(WHAT TO DO)
Please transcribe the listing below in full, exactly as written, leaving out its pictures.

(DATA BLOCK)
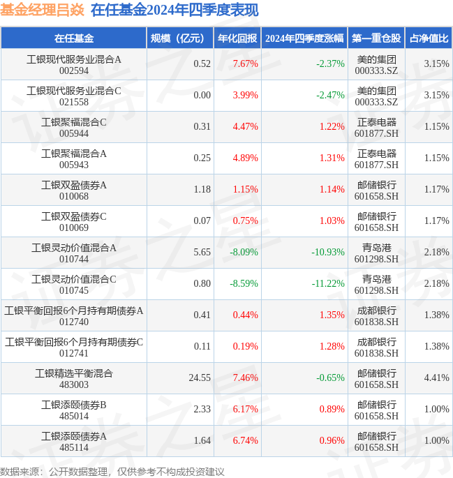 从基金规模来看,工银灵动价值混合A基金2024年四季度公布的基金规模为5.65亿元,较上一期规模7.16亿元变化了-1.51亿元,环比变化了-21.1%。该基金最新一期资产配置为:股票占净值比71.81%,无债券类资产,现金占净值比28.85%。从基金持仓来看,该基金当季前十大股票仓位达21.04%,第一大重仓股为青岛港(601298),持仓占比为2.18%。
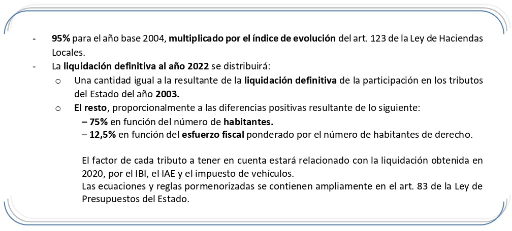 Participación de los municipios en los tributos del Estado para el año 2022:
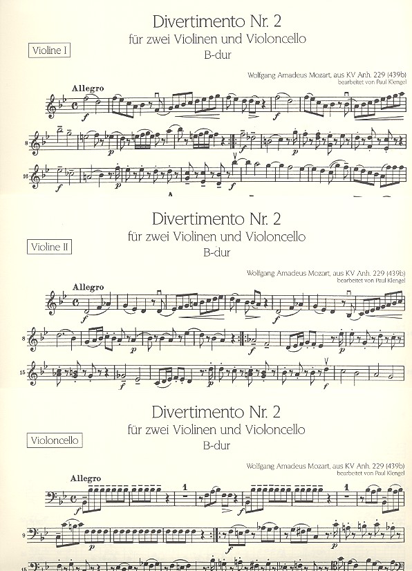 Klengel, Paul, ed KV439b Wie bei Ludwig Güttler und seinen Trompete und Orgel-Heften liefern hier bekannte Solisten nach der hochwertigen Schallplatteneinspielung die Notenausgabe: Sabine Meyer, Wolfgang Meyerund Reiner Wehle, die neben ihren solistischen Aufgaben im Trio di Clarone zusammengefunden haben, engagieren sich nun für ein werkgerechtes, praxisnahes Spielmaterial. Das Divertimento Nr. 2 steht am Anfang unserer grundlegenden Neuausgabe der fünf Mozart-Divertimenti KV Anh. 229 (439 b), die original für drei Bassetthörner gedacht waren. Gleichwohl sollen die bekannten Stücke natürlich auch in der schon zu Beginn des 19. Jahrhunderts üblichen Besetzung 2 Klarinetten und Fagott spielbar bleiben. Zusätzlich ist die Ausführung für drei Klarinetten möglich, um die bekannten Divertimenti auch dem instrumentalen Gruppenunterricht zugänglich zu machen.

(COMPLETED TASK)
 从基金规模来看,工银灵动价值混合A基金2024年四季度公布的基金规模为5.65亿元,较上一期规模7.16亿元变化了-1.51亿元,环比变化了-21.1%。该基金最新一期资产配置为:股票占净值比71.81%,无债券类资产,现金占净值比28.85%。从基金持仓来看,该基金当季前十大股票仓位达21.04%,第一大重仓股为青岛港(601298),持仓占比为2.18%。
 Participación de los municipios en los tributos del Estado para el año 2022:
 Klengel, Paul, ed KV439b Wie bei Ludwig Güttler und seinen Trompete und Orgel-Heften liefern hier bekannte Solisten nach der hochwertigen Schallplatteneinspielung die Notenausgabe: Sabine Meyer, Wolfgang Meyerund Reiner Wehle, die neben ihren solistischen Aufgaben im Trio di Clarone zusammengefunden haben, engagieren sich nun für ein werkgerechtes, praxisnahes Spielmaterial. Das Divertimento Nr. 2 steht am Anfang unserer grundlegenden Neuausgabe der fünf Mozart-Divertimenti KV Anh. 229 (439 b), die original für drei Bassetthörner gedacht waren. Gleichwohl sollen die bekannten Stücke natürlich auch in der schon zu Beginn des 19. Jahrhunderts üblichen Besetzung 2 Klarinetten und Fagott spielbar bleiben. Zusätzlich ist die Ausführung für drei Klarinetten möglich, um die bekannten Divertimenti auch dem instrumentalen Gruppenunterricht zugänglich zu machen.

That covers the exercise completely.